Editors’ note: Mac McClelland is spending a month in her home state of Ohio, reporting on the Wisconsin-style showdown involving Republican Governor John Kasich, public employees, unions, teachers, students, and struggling middle-class families.
Over at the house I’m staying at in Gahanna, Ohio, everything’s a little on edge.
“I’m freaking out,” Erin, the lady of the house, told me on Friday. Very calmly and quietly.
“You don’t look like you’re freaking out,” I said.
“I’m trying not to.” Maybe because there was a 10-month-old skirting her feet at the moment. The day before, though, she’d turned in the paperwork to switch her family over to her insurance just in case her husband, Anthony, loses his job at the Ohio Consumer’s Counsel, whose budget Governor John Kasich has proposed cutting by 51 percent. On her way home, she cried in the car for an hour while the baby, Jocelyn, was sleeping in the backseat.
That night, Anthony went straight back to work on their laptop when he got home from the office. While Erin and I watched a reality cooking show, Jocelyn toddled over to him. She’s got a thing for electronics; no cell phone or remote control in her vicinity is safe. So she reached up to the computer and started tugging on the plug. “Could you not, uh,” Anthony said, waving her baby-fingers away. She made a mad-baby face. “I know. I’m sorry. But I’m kinda trying to find a job.”
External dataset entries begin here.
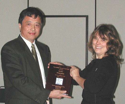 Huai Sun (Aeon) receives the award from Fiona Case (Colgate Palmolive) of the Fluid Simulation Challenge committee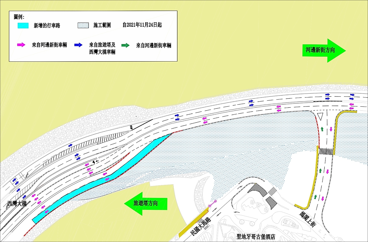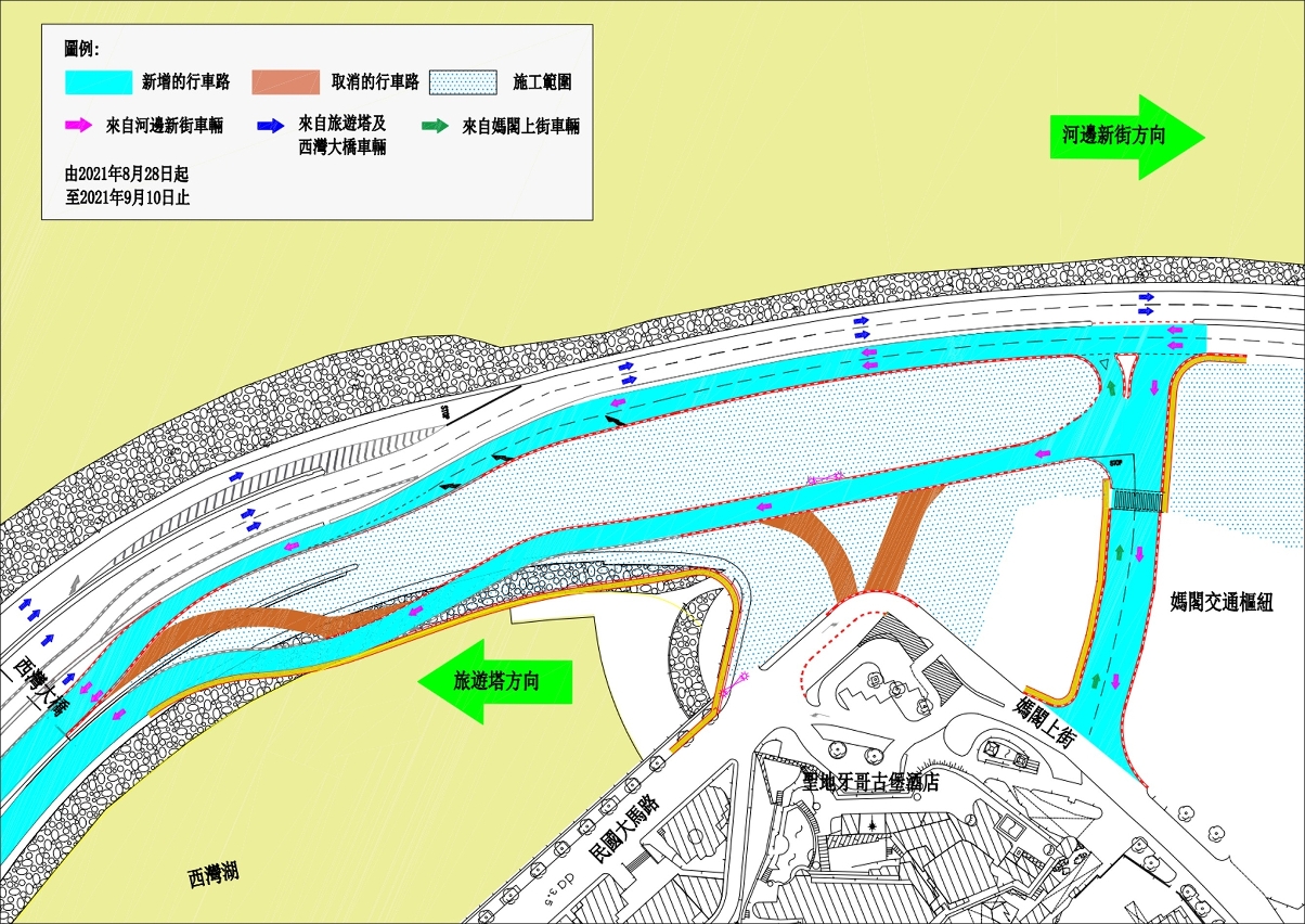 - 28 de Agosto até 10 de Setembro: Os veículos terão de utilizar a faixa de rodagem do Centro Modal de Transportes da Barra para o acesso de ida e volta à Avenida Panorâmica do Lago Sai Van, devido ao cancelamento do cruzamento das vias situado na Rua de São Tiago da Barra e na Avenida da República para o acesso de ida e volta à Avenida Panorâmica do Lago Sai Van (vide figura 1);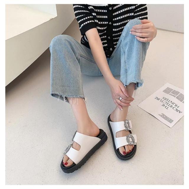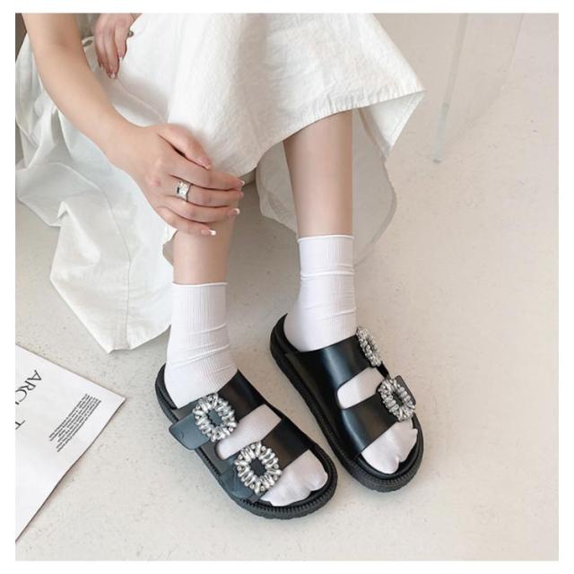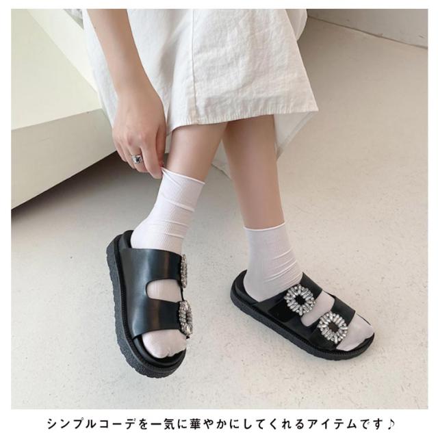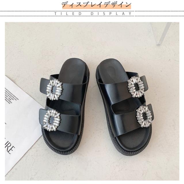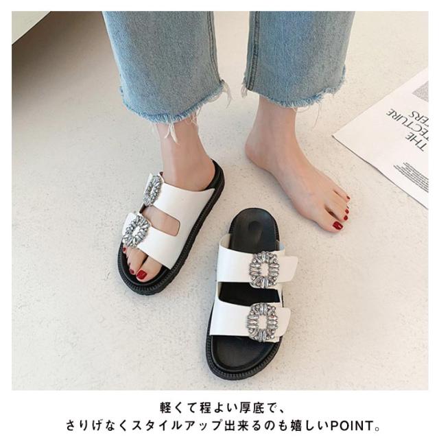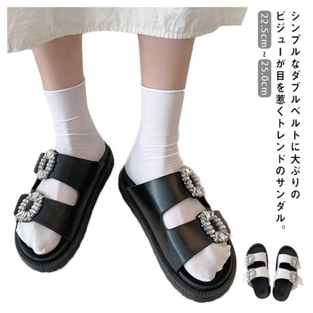サンダル レディース ダブルベルト ビジュー 厚底 フラットサンダル ぺたんこ 靴 ダブルベルトサンダル ミュール つっかけ 走れる 歩きやすい 痛くない 軽い 柔らかい カジュアル きれいめ 通勤 デイリー リゾート

Yesterday, Anthony shared some good news. Right now, the state budget’s in conference committee, where the House and Senate are trying to reconcile their versions. And according to the Cleveland Plain Dealer, Anthony’s boss at the OCC is trying to make a deal with lawmakers that would keep her office’s funding at 75 percent. In return, along with instituting some other changes, she would resign. A lot of the reason for the OCC cut is that the state is broke. But part of it is, apparently, that lawmakers also don’t like her.
Last night, a guy I knew when I was at Ohio State pointed out one industry around here that’s not suffering cutbacks: defense. I hadn’t seen him since I left 10 years ago, and when I stopped by his house last night he explained the security of working in weapons-systems support for the federal government. Every time they develop a bigger, more armored vehicle, he said, the enemy figures out how to blow it up, requiring a project to develop an even bigger, more more-armored vehicle. And with all the waste and padded budgets everyone’s always talking about in the defense industry. “I think if I didn’t go to work for a month nobody would notice,” he said.
So. No economic-apocalypse effects here in his neck of the woods?
“Noooooo,” he replied. “This kind of government job isn’t affected by cutbacks. It’s flourishing.”